* _DATASET_:

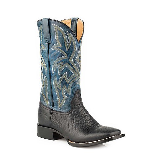Studio : Roper Publisher : Roper Binding : Apparel Product Description The Roper bull boot is great for style, fit and comfort. This wide square boot has an embossed black bull shoulder and a burnish blue leather shaft. This boot is constructed with all leather lining and a 13 inch shaft. It has a cushioned insole for added support. 0
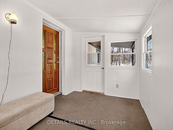 Welcome to 9 Maplewood Avenue! Enjoy Affordable living in the peaceful community of Lakewood Estates. Filled with natural light, this sun filled 2 bedroom mobile on leased land is ideally situated at the edge of Carleton Place. Close to Hwy 7 and all Carleton Place has to offer. Easy Access to amenities, dining, shopping, healthcare and essential services. An inviting open concept kitchen, living room, dining room offers great space to gather. Spacious living room with large windows. Living Room picture virtually staged to show you how inviting and warm the space is. Primary bedroom has a wall of closets. The secondary bedroom was originally 2 bedrooms, could be converted back. Freshly painted and ready for you to call home. Featuring a heated sunroom is perfect for relaxing with your morning coffee. Great space for a mudroom. Covered front deck. Handy door to outside off of the laundry area. Convenient workshop/shed is included for extra storage. Driveway parking space for two vehicles. Located across from a picturesque tree-lined area, this home provides a sense of privacy and tranquility. 48 hours irrevocable on all offers. Park fees includes Land Lease, realty taxes, garbage removal, snow removal of common roads/streets, water, sewer, water testing
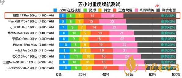 這次測(cè)評(píng)主要通過對(duì)720P在線視頻、刷微博,抖音,打王者榮耀和平精英等日常應(yīng)用進(jìn)行測(cè)試,得出了5G旗艦的五小時(shí)重度續(xù)航排名。其中,續(xù)航最好的機(jī)型是魅族17 Pro,經(jīng)過五小時(shí)的重度測(cè)試,該機(jī)還剩下45%的電量。
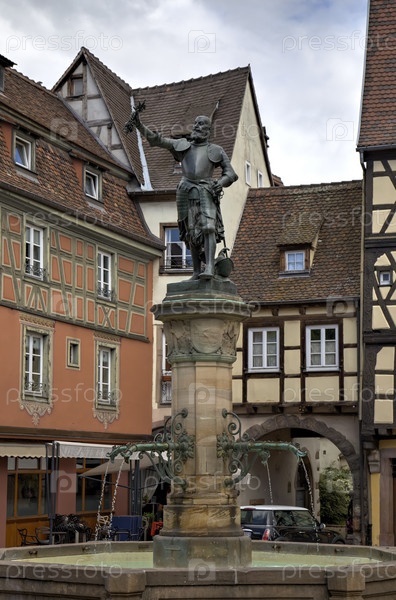 Фонтан со статуей Лазаря де Швенди на фоне фахверковых домов. Кольмар, Франция
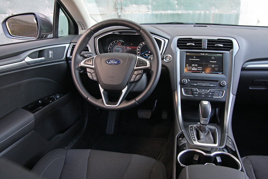 Forbedringerne af Ford Mondeo mærkes især bag rattet, hvor der er blevet ryddet grundigt op i betjeningen. Med testbilens Titanium-udstyr er der elektroniske instrumenter med et væld af oplysninger om alt fra valgt radiostation til kørecomputer. Det er næsten for meget af det gode, og kræver tilvænning før øjnene falder til ro. En stor, trykfølsom skærm i midterkonsollen fungerer til gengæld godt – og vi glæder os over, at finishen har fået et mærkbart løft. Kørestillingen er glimrende i sæder med gode indstillingsmuligheder, f.eks. kan hovedstøtterne også justeres i længden.
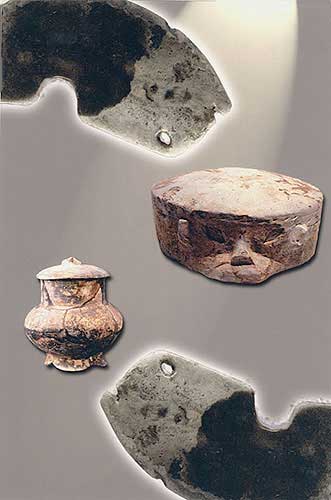魚鳥形玉璜:裝飾品(上、下,長(zhǎng)6.6厘米)[相關(guān)鏈接]:20世紀(jì)中國(guó)百項(xiàng)考古大發(fā)現(xiàn)(1-20)21、大溪遺址(圖)22、城頭山遺址(圖)23、屈家?guī)X遺址(圖)24、崧澤遺址(圖)25、馬家窯遺址(圖)26、柳灣墓地(圖)27、牛河梁遺址(圖)28、城子崖遺址(圖)29、良渚文化遺址群(圖)30、石家河遺址群(圖)31、陶寺遺址(圖) 32、王城崗遺址(圖)33、齊家坪遺址(圖)34、卡若遺址(圖)35、石峽遺址(圖) 36、東灣仔北遺址(圖)37、圓山遺址(圖)38、二里頭遺址(圖)39、東下馮遺址(圖)40、夏家店遺址(圖)
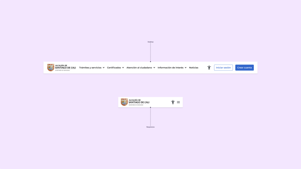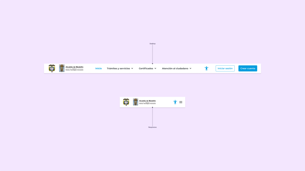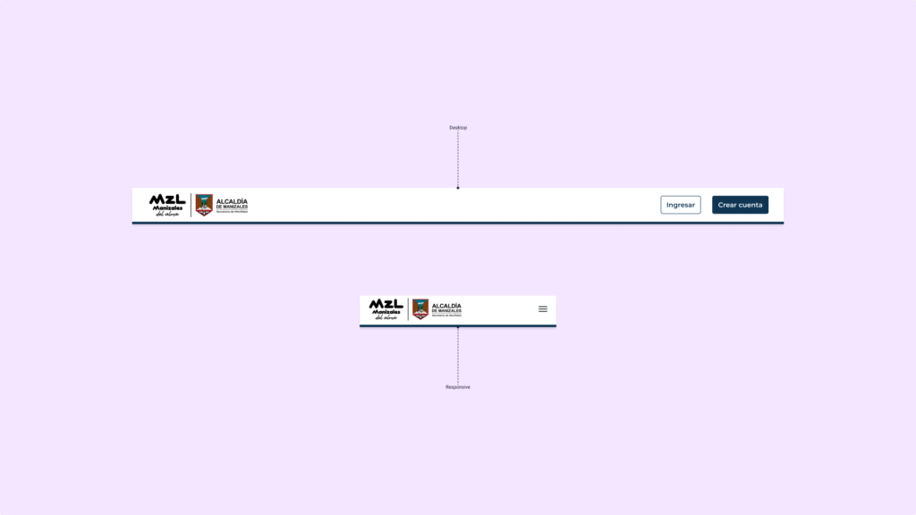 Los logos en los header, tanto desktop como responsive, deben mantener una altura aproximada entre 50 y 60 px, garantizando buena legibilidad y proporción dentro de la interfaz sin afectar la jerarquía visual.
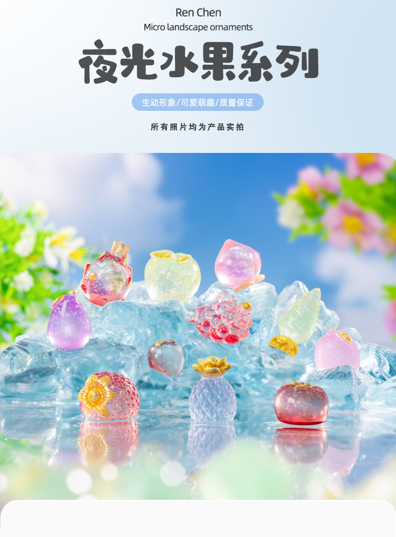 틱톡 라이브 방송용 시뮬레이션 반짝이 과일 장식품 미니어처 귀여운 창의적인 야광 레진 식품 장난감 데스크탑 장식품
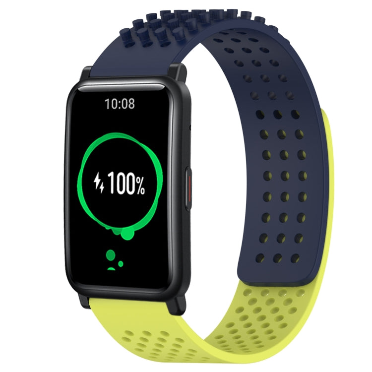 For Honor Watch ES 20mm Holes Breathable 3D Dots Silicone Watch Band(Midnight Blue+Lime Green)
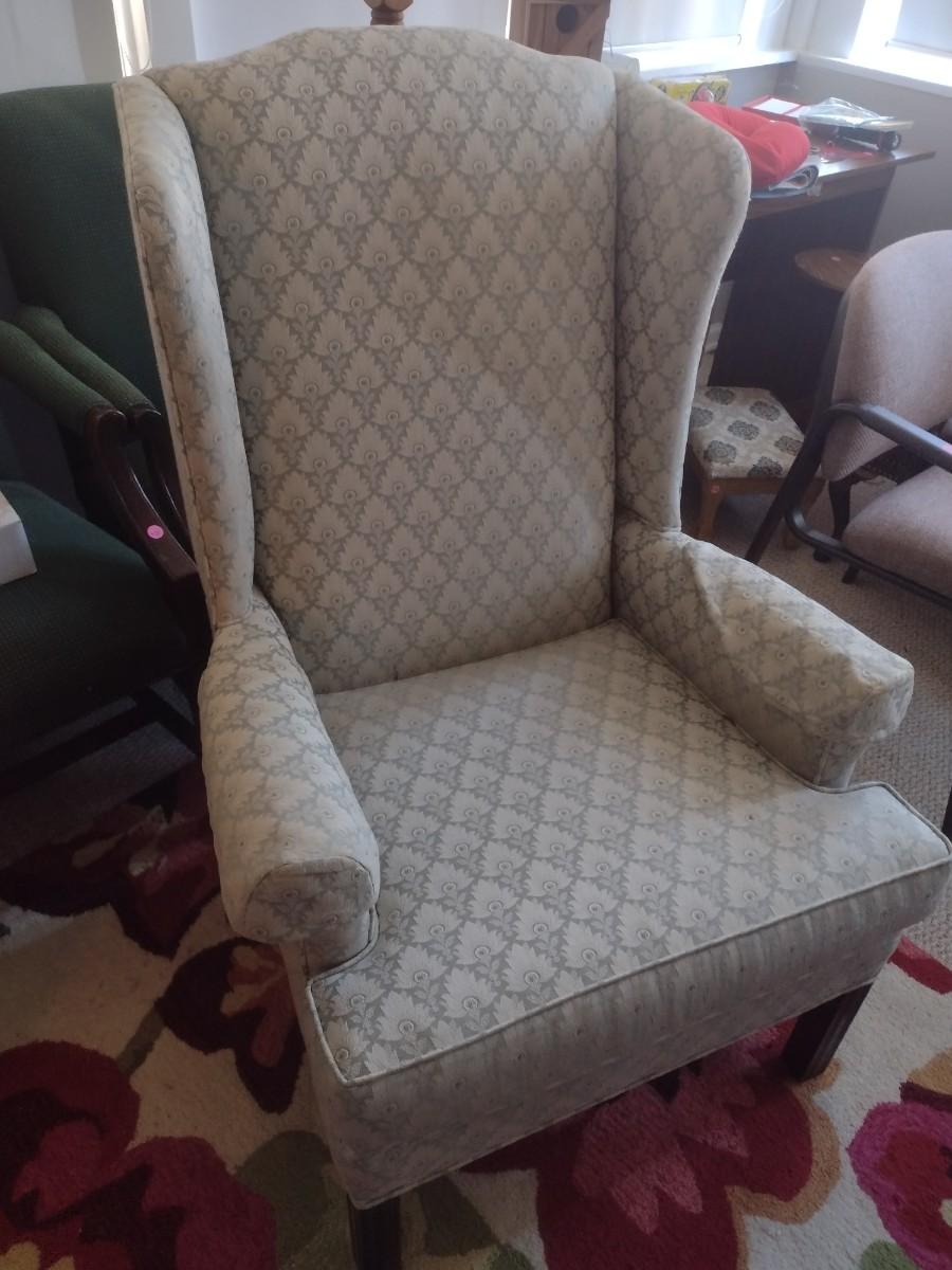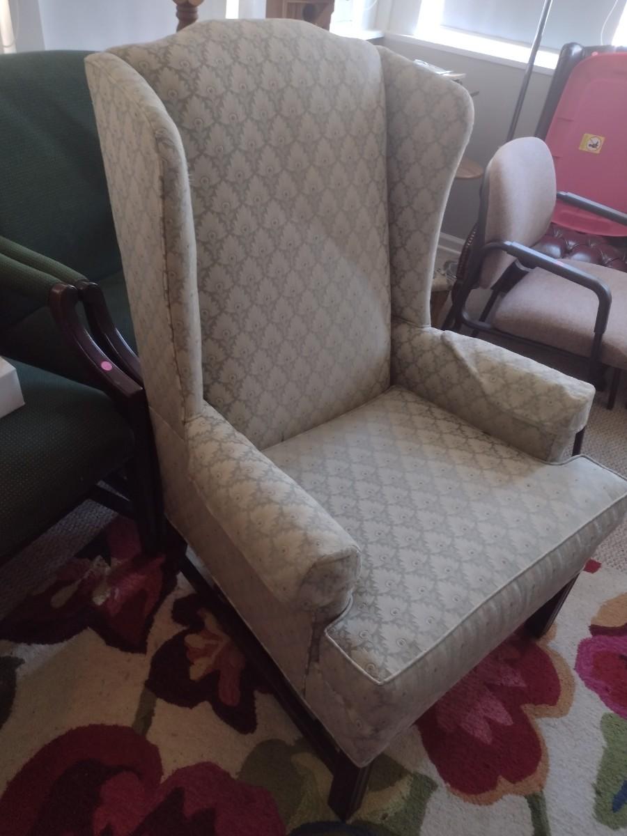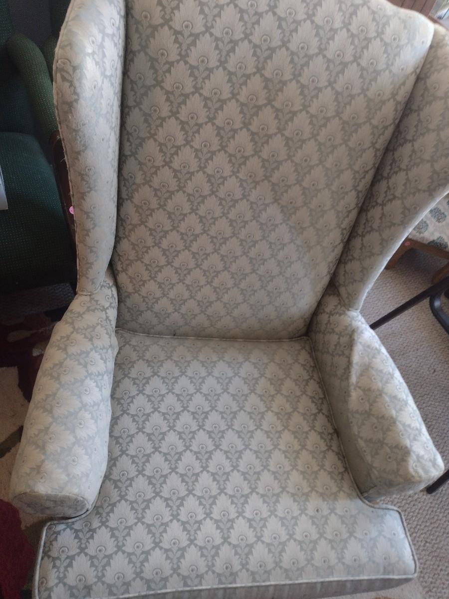 Upholstered Wing Back Chair with Matching Ottoman (See all Pictures)

* _WORK INSTRUCTION_:
From start to finish, output the listing exactly, but omit its pictures.

* _ANSWER SECTION_:
Studio : Roper Publisher : Roper Binding : Apparel Product Description The Roper bull boot is great for style, fit and comfort. This wide square boot has an embossed black bull shoulder and a burnish blue leather shaft. This boot is constructed with all leather lining and a 13 inch shaft. It has a cushioned insole for added support. 0
 Welcome to 9 Maplewood Avenue! Enjoy Affordable living in the peaceful community of Lakewood Estates. Filled with natural light, this sun filled 2 bedroom mobile on leased land is ideally situated at the edge of Carleton Place. Close to Hwy 7 and all Carleton Place has to offer. Easy Access to amenities, dining, shopping, healthcare and essential services. An inviting open concept kitchen, living room, dining room offers great space to gather. Spacious living room with large windows. Living Room picture virtually staged to show you how inviting and warm the space is. Primary bedroom has a wall of closets. The secondary bedroom was originally 2 bedrooms, could be converted back. Freshly painted and ready for you to call home. Featuring a heated sunroom is perfect for relaxing with your morning coffee. Great space for a mudroom. Covered front deck. Handy door to outside off of the laundry area. Convenient workshop/shed is included for extra storage. Driveway parking space for two vehicles. Located across from a picturesque tree-lined area, this home provides a sense of privacy and tranquility. 48 hours irrevocable on all offers. Park fees includes Land Lease, realty taxes, garbage removal, snow removal of common roads/streets, water, sewer, water testing
 這次測(cè)評(píng)主要通過對(duì)720P在線視頻、刷微博,抖音,打王者榮耀和平精英等日常應(yīng)用進(jìn)行測(cè)試,得出了5G旗艦的五小時(shí)重度續(xù)航排名。其中,續(xù)航最好的機(jī)型是魅族17 Pro,經(jīng)過五小時(shí)的重度測(cè)試,該機(jī)還剩下45%的電量。
 Фонтан со статуей Лазаря де Швенди на фоне фахверковых домов. Кольмар, Франция
 Forbedringerne af Ford Mondeo mærkes især bag rattet, hvor der er blevet ryddet grundigt op i betjeningen. Med testbilens Titanium-udstyr er der elektroniske instrumenter med et væld af oplysninger om alt fra valgt radiostation til kørecomputer. Det er næsten for meget af det gode, og kræver tilvænning før øjnene falder til ro. En stor, trykfølsom skærm i midterkonsollen fungerer til gengæld godt – og vi glæder os over, at finishen har fået et mærkbart løft. Kørestillingen er glimrende i sæder med gode indstillingsmuligheder, f.eks. kan hovedstøtterne også justeres i længden.
魚鳥形玉璜:裝飾品(上、下,長(zhǎng)6.6厘米)[相關(guān)鏈接]:20世紀(jì)中國(guó)百項(xiàng)考古大發(fā)現(xiàn)(1-20)21、大溪遺址(圖)22、城頭山遺址(圖)23、屈家?guī)X遺址(圖)24、崧澤遺址(圖)25、馬家窯遺址(圖)26、柳灣墓地(圖)27、牛河梁遺址(圖)28、城子崖遺址(圖)29、良渚文化遺址群(圖)30、石家河遺址群(圖)31、陶寺遺址(圖) 32、王城崗遺址(圖)33、齊家坪遺址(圖)34、卡若遺址(圖)35、石峽遺址(圖) 36、東灣仔北遺址(圖)37、圓山遺址(圖)38、二里頭遺址(圖)39、東下馮遺址(圖)40、夏家店遺址(圖)
 Los logos en los header, tanto desktop como responsive, deben mantener una altura aproximada entre 50 y 60 px, garantizando buena legibilidad y proporción dentro de la interfaz sin afectar la jerarquía visual.
 틱톡 라이브 방송용 시뮬레이션 반짝이 과일 장식품 미니어처 귀여운 창의적인 야광 레진 식품 장난감 데스크탑 장식품
 For Honor Watch ES 20mm Holes Breathable 3D Dots Silicone Watch Band(Midnight Blue+Lime Green)
 Upholstered Wing Back Chair with Matching Ottoman (See all Pictures)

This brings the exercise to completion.